Friday, December 7, 2007

A Typical Day in the Life...

So, this week has been interesting.

Let's take Tuesday as the perfect example of what is euphemistically referred to as a "typical" day.

At 9:00 I was greeted with a pile of mail and forms and other unidentifiable papers a foot high on my desk. After managing to deal with this (mostly by transferring it to other people's desks) I sent out a round of faxes to the branches reminding them of assorted things of various degrees of importance.

So far, so good.

At 10:00 I raced a requested book from here to one of the branches. While there, the day's newspaper was delivered. Said newspaper featured a prominent headline about a shooting. At a library branch.

Which I did not know about.

While I was still processing this information, a call came in from another branch, informing me that there was no heat, and the branch manager was in the process of freezing her tail off. She was, however, more concerned about her patrons, many of whom are elderly. Off I went to that branch to see what could be done. Two space heaters, one extension cord, and assorted phone calls to assorted people later, the temperature in the branch was no longer hovering at the freezing mark and the repair man had promised to come as soon as possible. Maybe even this week.

From there, it was back to the main library. On the way there I got an urgent call asking me to call one of the staff on her cell phone. Of course, I promptly drove into the black hole of the wildlife refuge, where there is no hope of a signal for my cell phone. On the outskirts of Chesterfield, twenty-five minutes later, my phone indicated that there might be hope of making a call. I called the staff member, who was having a minor health crisis, sorted things out with her, and arrived back at the headquarters.

Consultation with other staff members revealed that no one else had heard about the shooting either.

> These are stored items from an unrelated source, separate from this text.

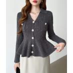 tシャツ くびれシルエット ペプラムトップス ニット カーディン ペプラム パールボタン付き Vネック スキッパー 長袖 レディース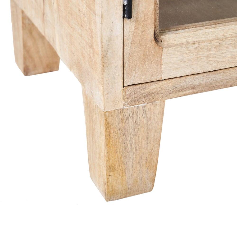 Fabricado en madera de mango, conocido por su resistencia y belleza natural, este mueble TV es una pieza única que destaca por su acabado en blanco rozado, proporcionando un toque suave y elegante. Las puertas de 38×38 cm y el diseño con cristal permiten almacenar tus dispositivos de forma ordenada, mientras que la altura de las patas de 10 cm le otorga un estilo moderno y aireado. Con unas medidas de 160 cm x 35,5 cm x 52,5 cm, es ideal para cualquier salón o espacio de entretenimiento, combinando funcionalidad y estética en una sola pieza. Añade un toque de frescura y distinción a tu hogar con este mueble TV exclusivo y versátil, que aporta elegancia y organización a tu espacio.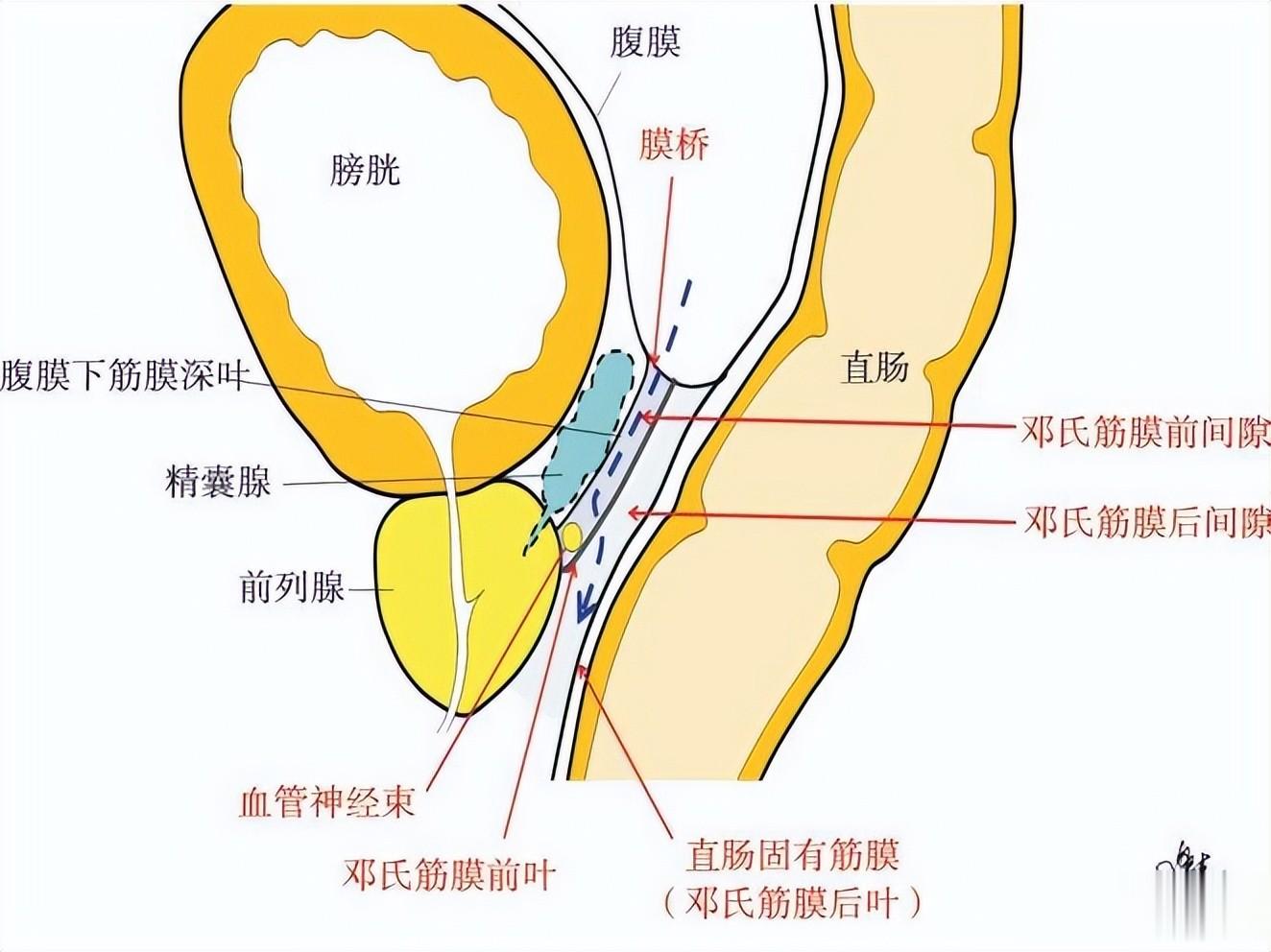 邓氏筋膜(Denonvilliers筋膜)是位于直肠前方的一层致密结缔组织,将直肠与前列腺、精囊腺等结构分隔开。它起自盆底腹膜反折处,向下止于会阴体,呈薄膜状。

Back into the car for the drive to the branch where the shooting happened, where I had a conversation with the branch manager about why I had not been told about the incident, and why this would never happen again. We then agreed that she would call the police and arrange for them to patrol the library, while I ascertained whether any of the patrons had been injured or whether the bullet had hit the library. (If you injure a patron, I'll be mad, but if you hurt my library building I will have to kill you.)

According to the newspaper account, incidentally, this was not in fact a drive-by shooting. It was a pedal-by. We're working on making it into the bigtime, but so far all we can manage is a fifteen-year-old on a bicycle.

I then returned to the main library, to be greeted by yet another foot-high pile of mail, forms, paperwork, memos, and other paper crud on my desk, and a mile-long list of new emails in my in-boxes.

And this, my friends, is a typical day in the life of a library director.